» **Directions**
Using the data below, transcribe exactly everything from the line that contains "Topshop Faux Suede Wide Leg Trousers, Brown" down to the line that contains "Ez a kézzel". Include both of those lines and none of the pictures.

» **Data listing**
──────────
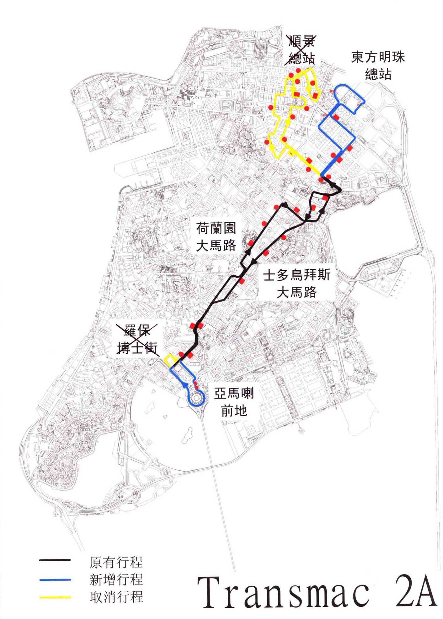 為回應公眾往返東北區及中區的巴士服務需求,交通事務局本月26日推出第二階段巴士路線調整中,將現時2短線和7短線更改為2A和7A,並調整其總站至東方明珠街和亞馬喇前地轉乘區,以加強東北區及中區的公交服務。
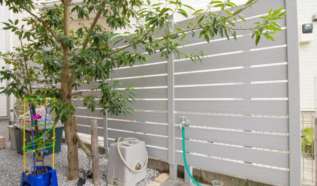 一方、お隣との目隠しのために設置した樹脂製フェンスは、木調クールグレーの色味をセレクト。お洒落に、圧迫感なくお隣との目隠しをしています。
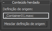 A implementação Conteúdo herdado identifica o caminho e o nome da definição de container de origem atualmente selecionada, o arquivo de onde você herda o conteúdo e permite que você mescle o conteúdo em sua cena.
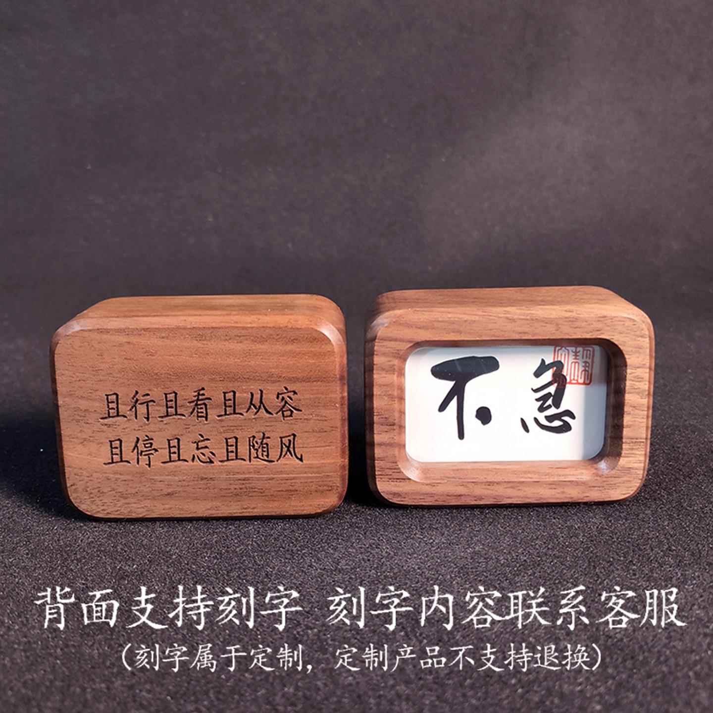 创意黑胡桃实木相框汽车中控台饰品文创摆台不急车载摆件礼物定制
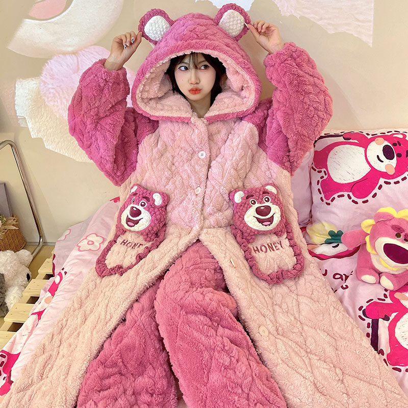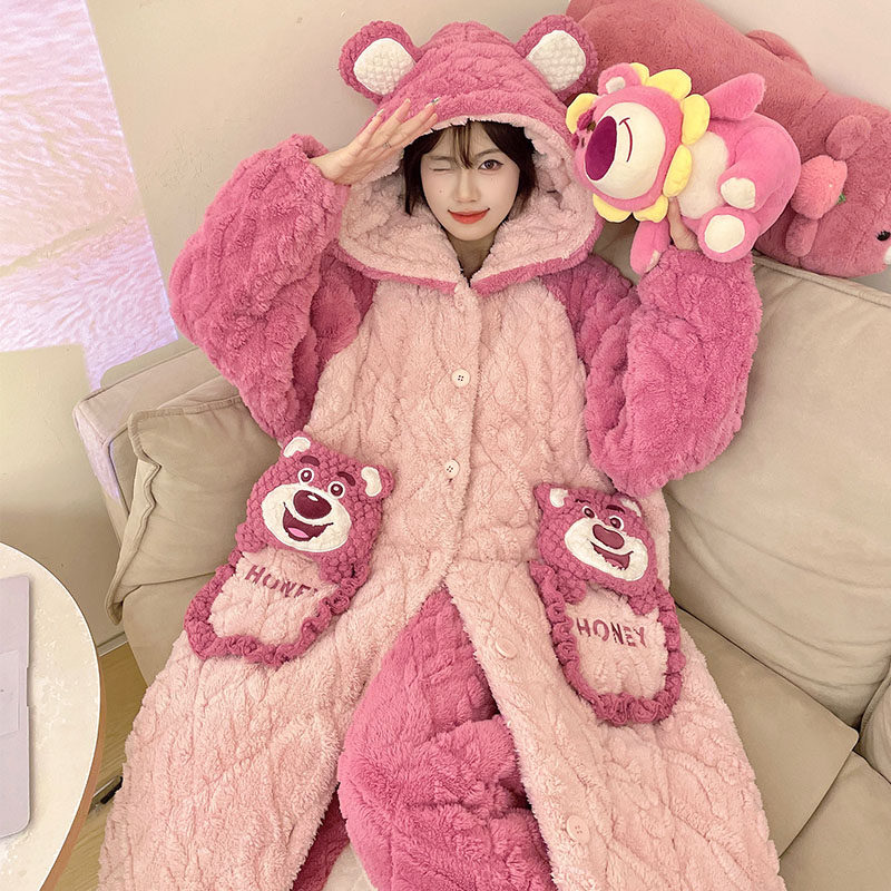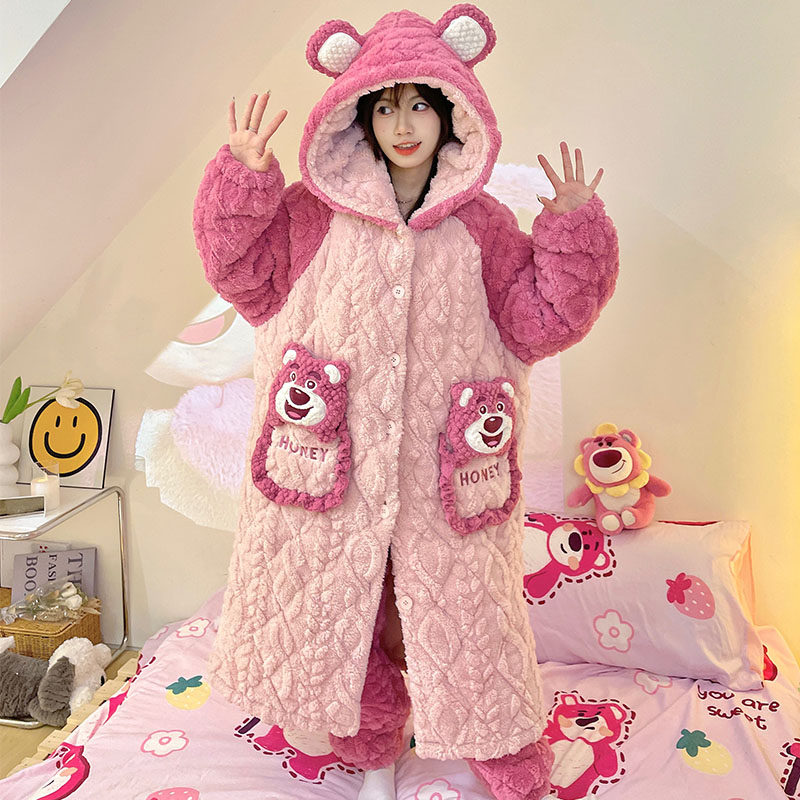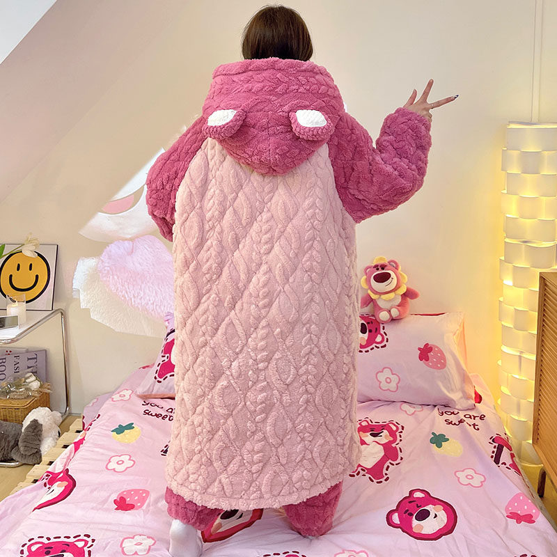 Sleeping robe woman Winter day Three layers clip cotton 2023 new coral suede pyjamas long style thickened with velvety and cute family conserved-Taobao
──────────
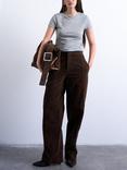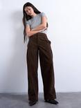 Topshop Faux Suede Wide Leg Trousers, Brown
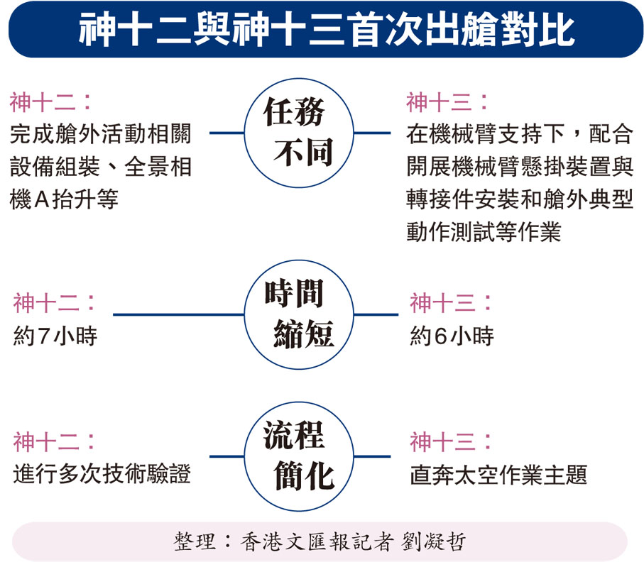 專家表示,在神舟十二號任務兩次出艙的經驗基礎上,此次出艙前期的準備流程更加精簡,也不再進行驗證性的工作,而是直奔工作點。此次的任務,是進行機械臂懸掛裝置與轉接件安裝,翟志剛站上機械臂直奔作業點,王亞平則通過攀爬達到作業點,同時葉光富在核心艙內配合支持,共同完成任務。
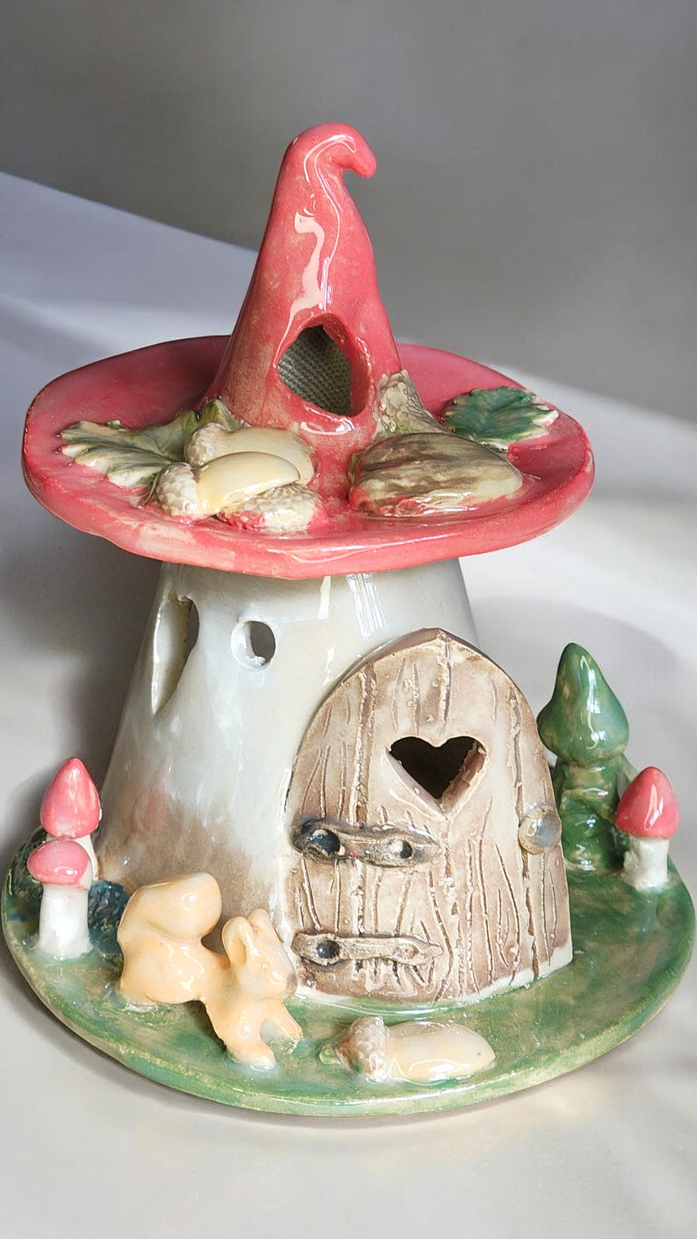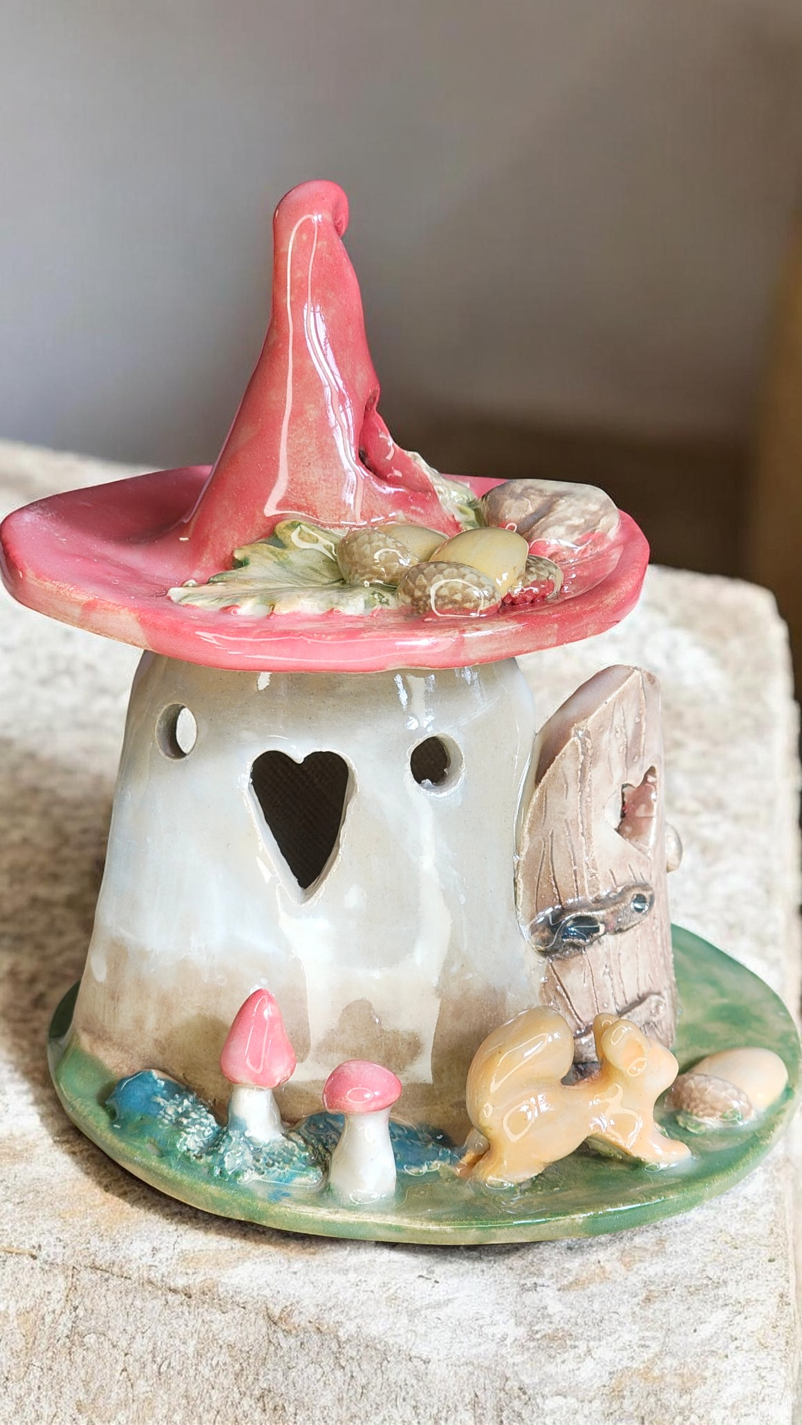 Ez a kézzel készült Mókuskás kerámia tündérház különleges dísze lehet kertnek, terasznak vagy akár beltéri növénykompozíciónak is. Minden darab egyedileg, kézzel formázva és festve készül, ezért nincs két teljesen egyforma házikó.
──────────
» **Answer to this exercise**
 Topshop Faux Suede Wide Leg Trousers, Brown
 專家表示,在神舟十二號任務兩次出艙的經驗基礎上,此次出艙前期的準備流程更加精簡,也不再進行驗證性的工作,而是直奔工作點。此次的任務,是進行機械臂懸掛裝置與轉接件安裝,翟志剛站上機械臂直奔作業點,王亞平則通過攀爬達到作業點,同時葉光富在核心艙內配合支持,共同完成任務。
 Ez a kézzel készült Mókuskás kerámia tündérház különleges dísze lehet kertnek, terasznak vagy akár beltéri növénykompozíciónak is. Minden darab egyedileg, kézzel formázva és festve készül, ezért nincs két teljesen egyforma házikó.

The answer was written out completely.